A group of vacationers end up stranded on an island inhabited by a family of psychos.
I have no real excuse as to why I hadn’t watched American Gothic until now. I guess I just got distracted by flashier stuff I suppose. The movie isn’t anything special, but the fact it was directed by John Hough is significant. His earlier works for Disney, The Watcher in the Woods and both Witch Mountain flicks, were some of my first encounters with the fantastical as a kid. I owe him a debt for his contribution to my love of genre film for sure.

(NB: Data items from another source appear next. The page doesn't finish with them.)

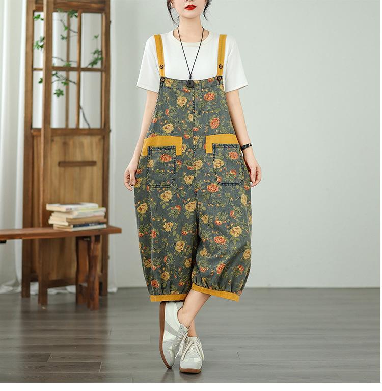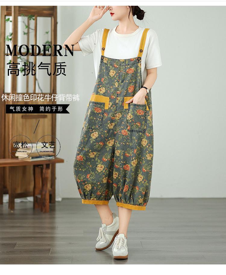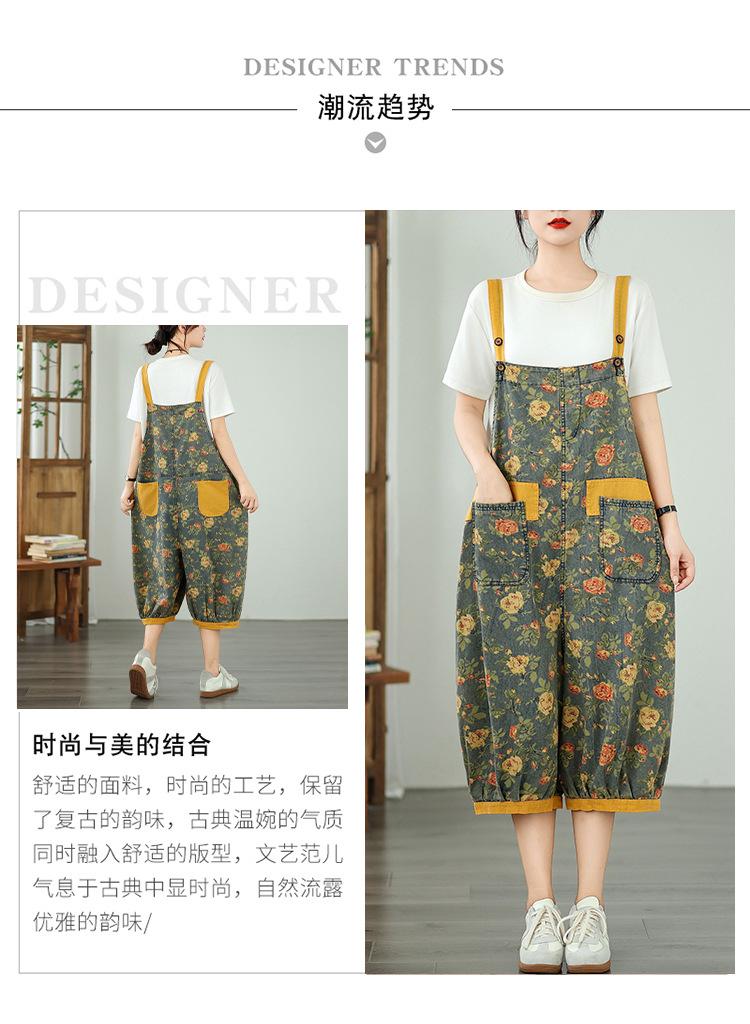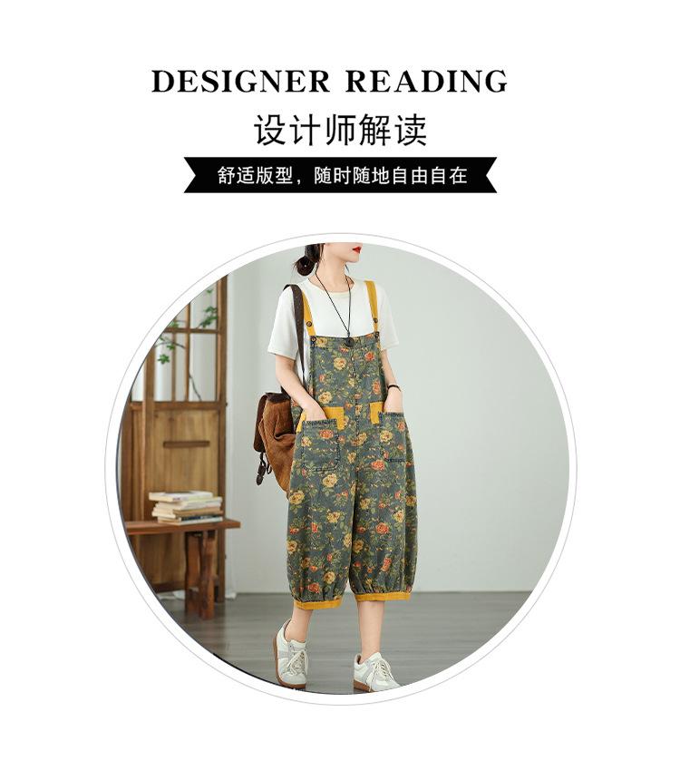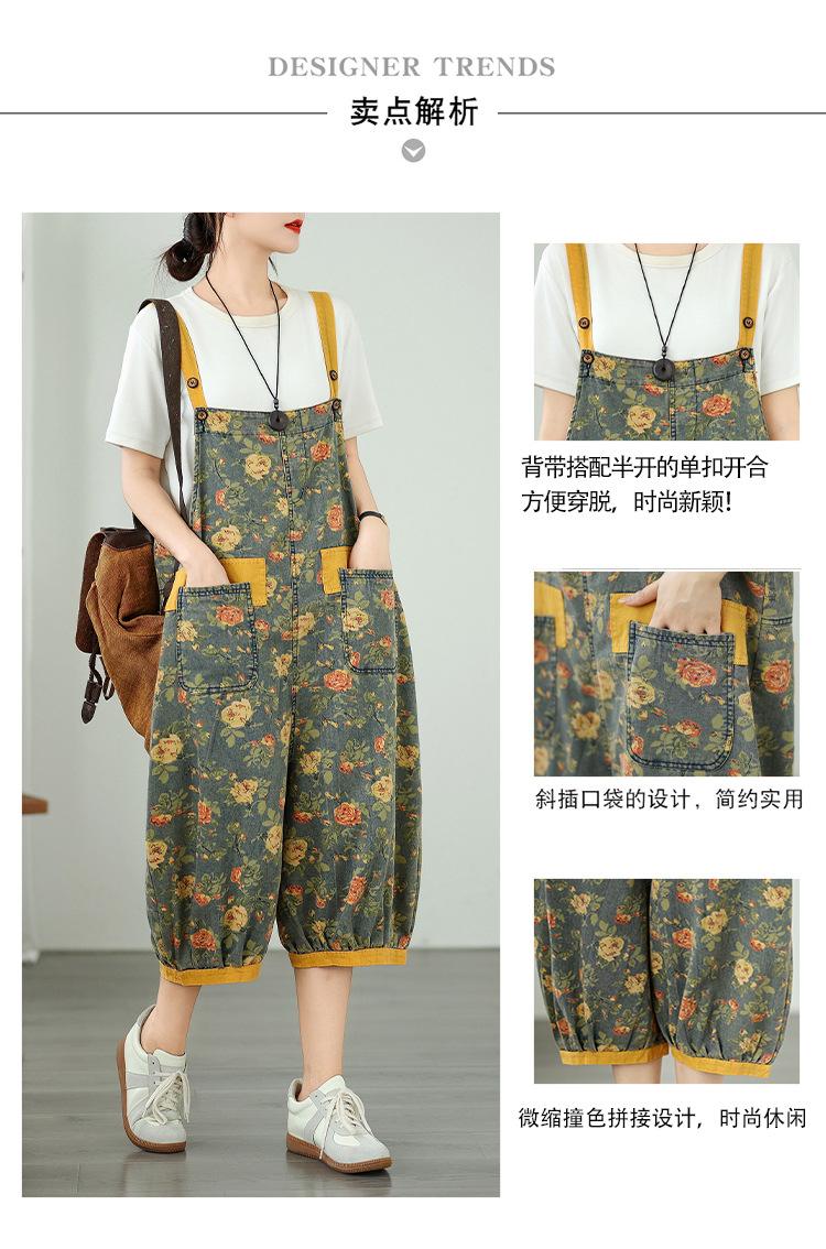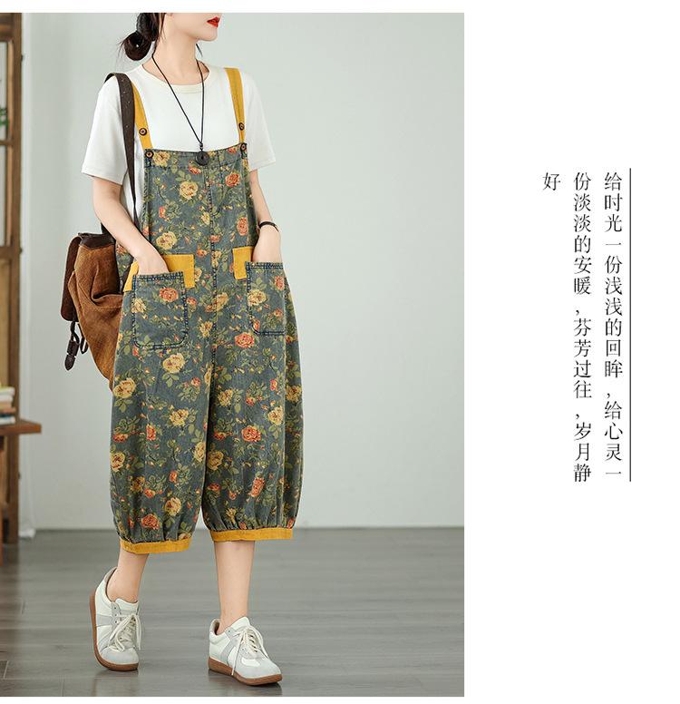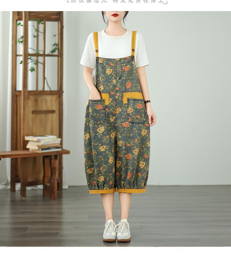2025 Nuevo Estilo de Verano Literario Talla Grande Holgado Adelgazante Retro Estampado Peto Denim Tres Cuartos
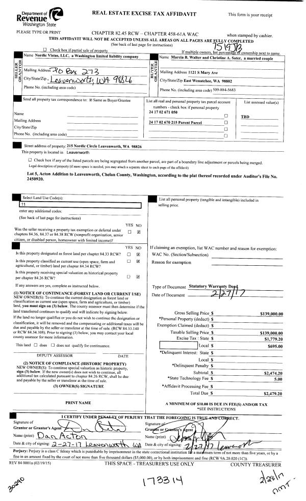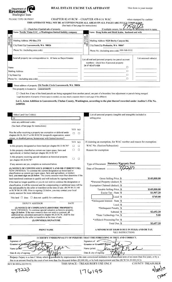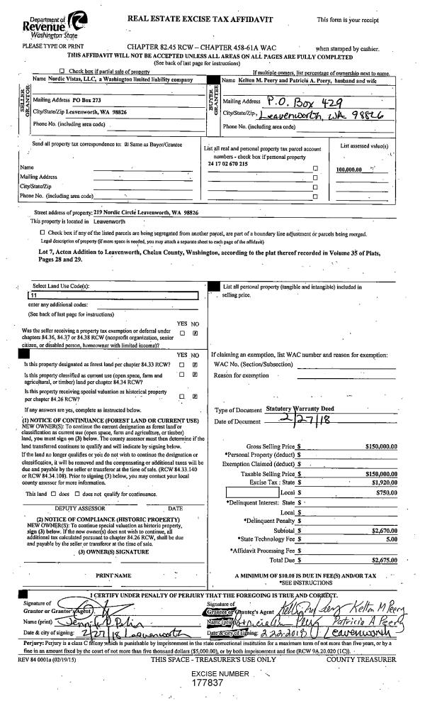 | 2 | 02/28/2018 | SWD | Statutory Warranty Deed | NORDIC VISTAS LLC | PEERY KELTON M & PATRICIA A | | | $150,000.00 | 177837 | 2473701 |
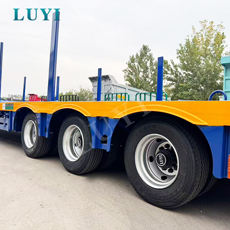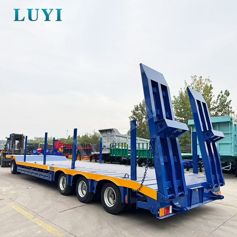 LUYI 3 Axle Lowbed Truck Semi Trailer er et højtydende transportkøretøj, der stammer fra Shandong, Kina, designet til tung lasttransport som gravemaskiner.
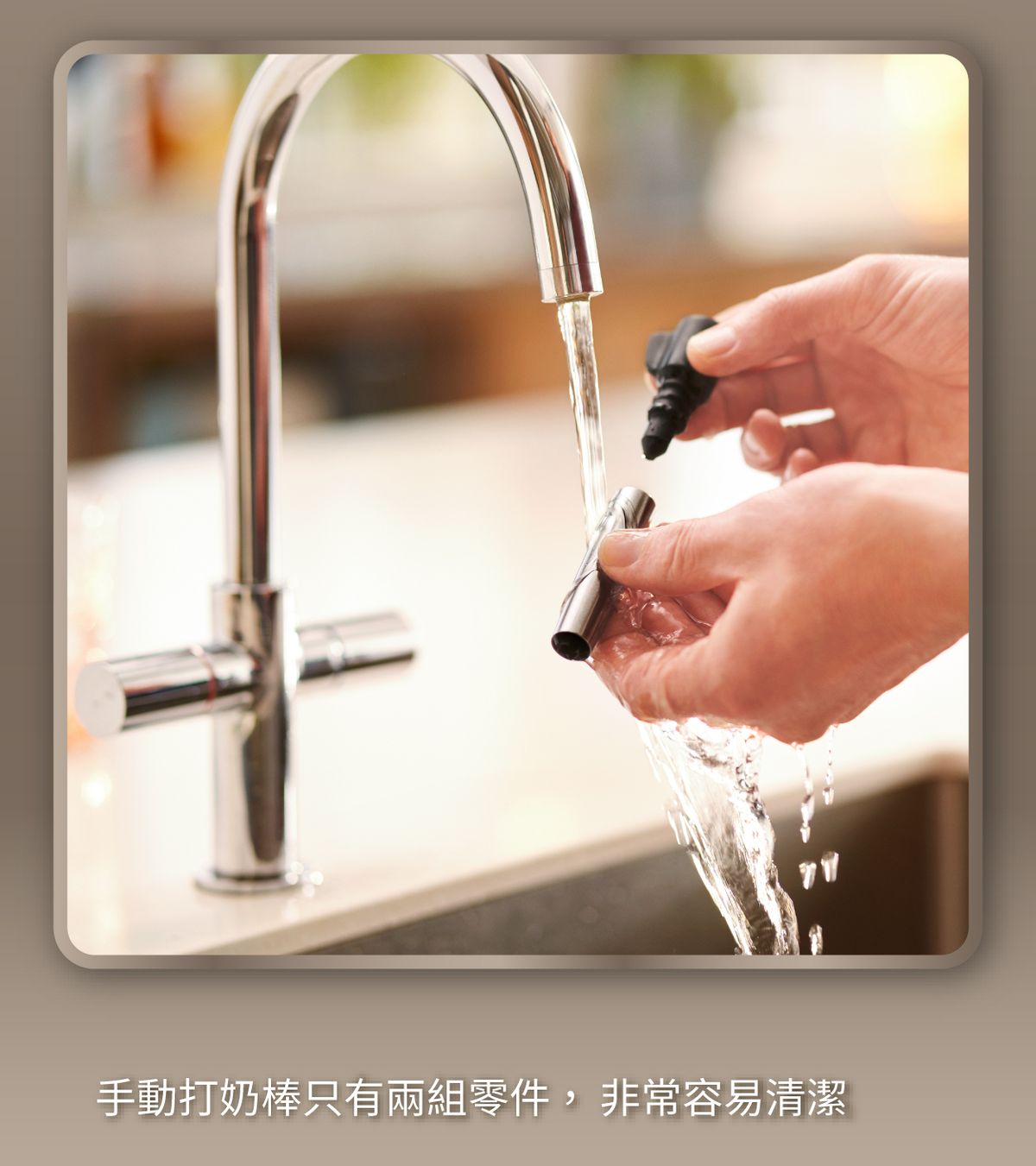 • 經典手動打奶棒可釋出蒸氣,讓您輕鬆為泡沫咖啡打出如絲般幼滑的奶泡。手動打奶棒只有兩組零件,非常容易清潔

This one, however was a bit problematic mainly due to all the protagonists, save the lead played by Sarah Torgov (she’s got her own problems) were complete fucking assholes. I think that only one character was supposed to be the stereotypical jerk, but they were all fairly unlikable. I mean who walks into someone’s house and starts messing with their shit, even putting on clothes! Considering how homicidal Ma & Pa were, I think they handled that first interaction quite well.
|Hicks vs Dicks.|
Even the husband (Mark Erickson) – who dragged his wife out into the wilderness right after she was discharged from the loony bin – made some deplorable comment to the effect of, oh yeah my wife, the wet blanket. You brought her here, dude!
The movie was a fairly pedestrian affair until the three “children” showed up (one of whom was consummate character actor Michael J. Pollard) and the killing started. While even that wasn’t particularly bloody, at least it was fulfilling to see all these idiots being punished for their sins. If you’ll indulge me in a completely random observation, two deaths in this movie are almost exactly the same as those in the 2017 video game What Remains of Edith Finch. Totally unrelated of course, it’s just one of those completely inexplicable parallels.
|Janet Wright as Fanny in American Gothic.|
American Gothic was fairly standard in execution, but did score points for straying into the bizarre. It might not be as entertainingly bonkers as Freddie Francis’ similarly themed 1970 film Girly, but – what is? – its last fifteen minutes did veer in an unexpected direction that elevated it somewhat.